**Exercise aim:** As the answer, give exactly the lines of the records below from the one with "- Non utilizzare" through the one with "The only other", ends included and pictures left out.

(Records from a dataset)
_ _ _ _

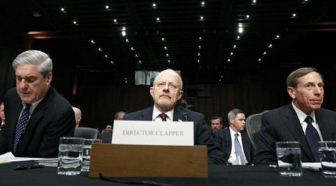 Từ trái qua, giám đốc FBI Robert Mueller, giám đốc Cơ quan tình báo quốc gia (DNI) James Clapper và giám đốc Cơ quan tình báo trung ương CIA David Petraeus trong một phiên họp tại Washington - Ảnh: Time
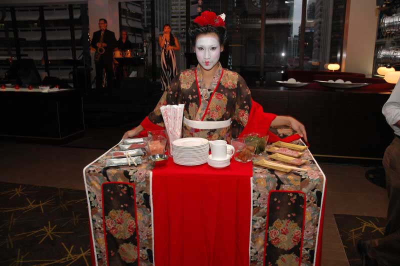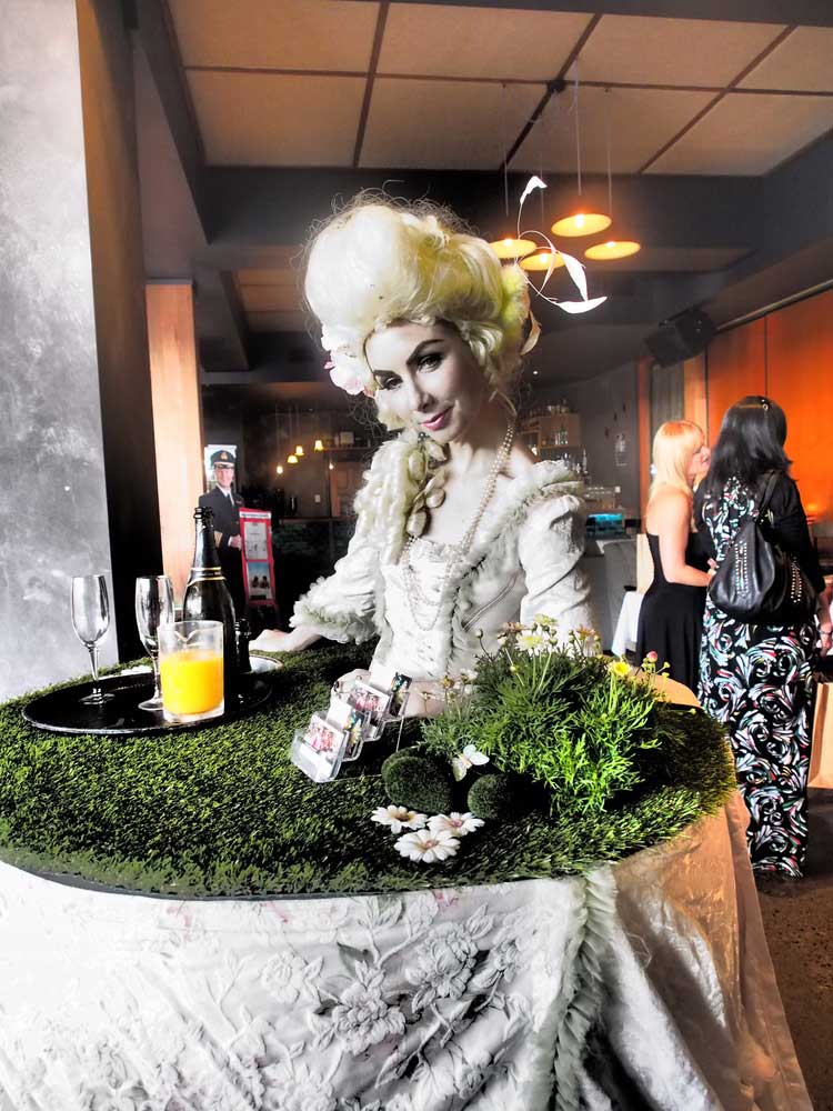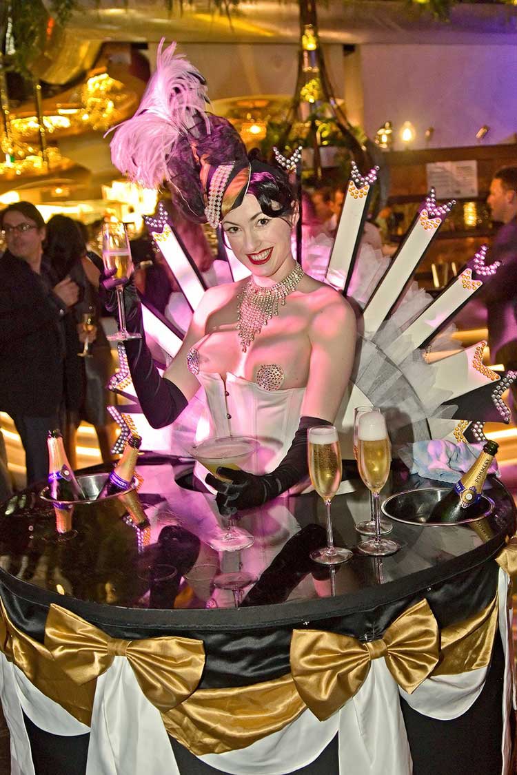 As well as having the perfect friendly and professional attitude our waitresses are masters of presentation, making their living table displays look absolutely stunning through their elegant costumes and real attention to detail. Our themed living tables look absolutely magnificent in a range of styles from Vegas showgirl to oriental and much more besides. Our roaming tables create an exciting and luxurious atmosphere as they move through your event, serving your guests in elegant and unforgettable style.
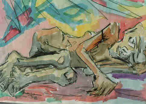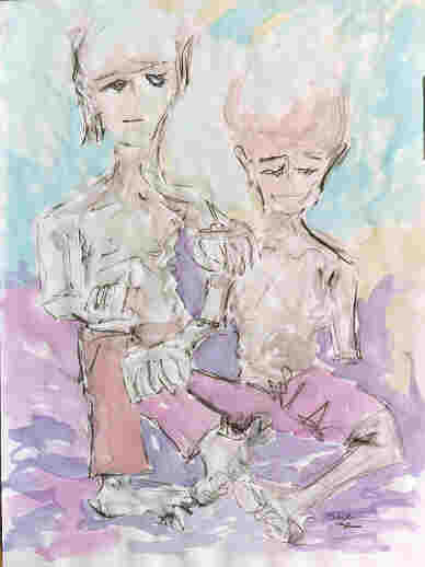 Two Children Watercolor on Paper 23 x 18 inches 1992 |
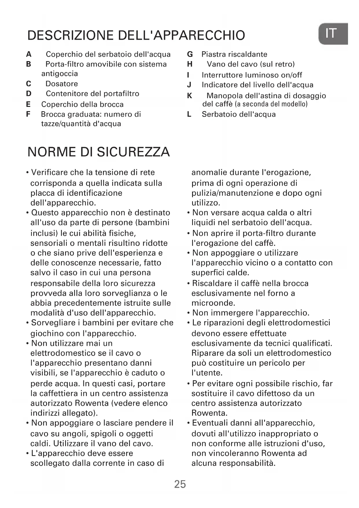 - Non utilizzare mai un elettrodomestico se il cavo o l'apparecchio presentano danni visibili, se l'apparecchio è caduto o perde acqua. In questi casi, portare la caffettiera in un centro assistenza autorizzato Rowenta (vedere elenco indirizzi allegato).
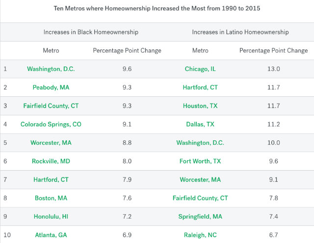 The only other two areas that were in the top 10 for increases in both black and Latino homeownership were Fairfield County, Connecticut and Worcester, Massachusetts.
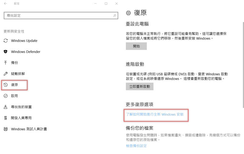 接下來帶大家看的幾個項目都在設定區,先來看更新與安全性中的「復原」,如果你的電腦已經使用一段時間,安裝了很多軟體之後常會造成額外的安全漏洞,或者運作時發生什麼問題也能使用復原的方式,備份後重新安裝 Windows,可從更多復原選項底下查看細節。
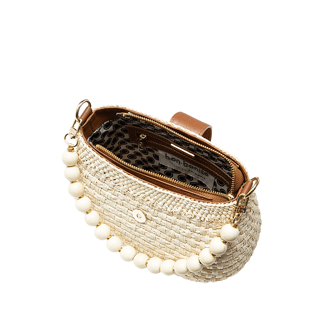 ¡Suave al tacto y con un acabado moderno que combina con todo! • Cartera para mujer tejida de manera artesanal en palma iraca y cuero • Cierre mediante cremallera y pin • Bolsillo interno con cierre mediante cremallera • Asa corta con bolas en madera • Asa larga ajustable y removible de 119 cm • Hecho a mano en Colombia.
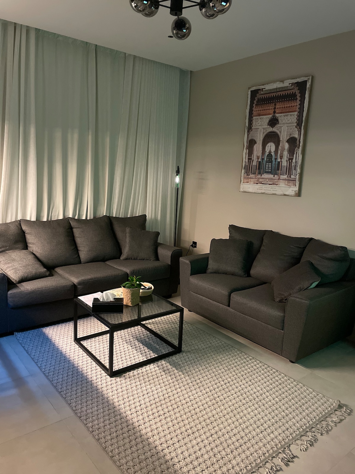 O unitate elegantă, cu o notă modernă și culori calde, cu un dormitor și un lounge cu o ambianță confortabilă și aer condiționat liniștit. Include abonament IPTV, YouTube și Netflix. Situat într-o locație plină de viață, aproape de toate locurile și serviciile de agrement, fiind ideal pentru cazare confortabilă și navetă ușoară. 📍 Poziție: Poziția apartamentului este ideală și aproape de cele mai importante obiective turistice ale orașului: • 🛍️ 5 minute până la Al Salam Mall și Al Andalus Mall • 🏥 Aproape de Spitalul East Jeddah și de Sulaiman Al Habib • 🚆 Lângă gara Al-Haramain • 🛫 La 15 minute de aeroport • 🌊 La 15 minute de Corniche • 🏫 5 minute până la Universitatea King Abdulaziz
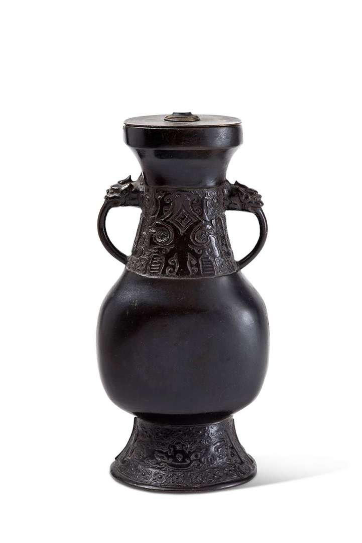 Vase en bronze de patine brune, le col et le pied à décor archaïsant. Le col rehaussé de deux anses crachées par des têtes de Qilin.~

_ _ _ _

**Reply:**
 - Non utilizzare mai un elettrodomestico se il cavo o l'apparecchio presentano danni visibili, se l'apparecchio è caduto o perde acqua. In questi casi, portare la caffettiera in un centro assistenza autorizzato Rowenta (vedere elenco indirizzi allegato).
 The only other two areas that were in the top 10 for increases in both black and Latino homeownership were Fairfield County, Connecticut and Worcester, Massachusetts.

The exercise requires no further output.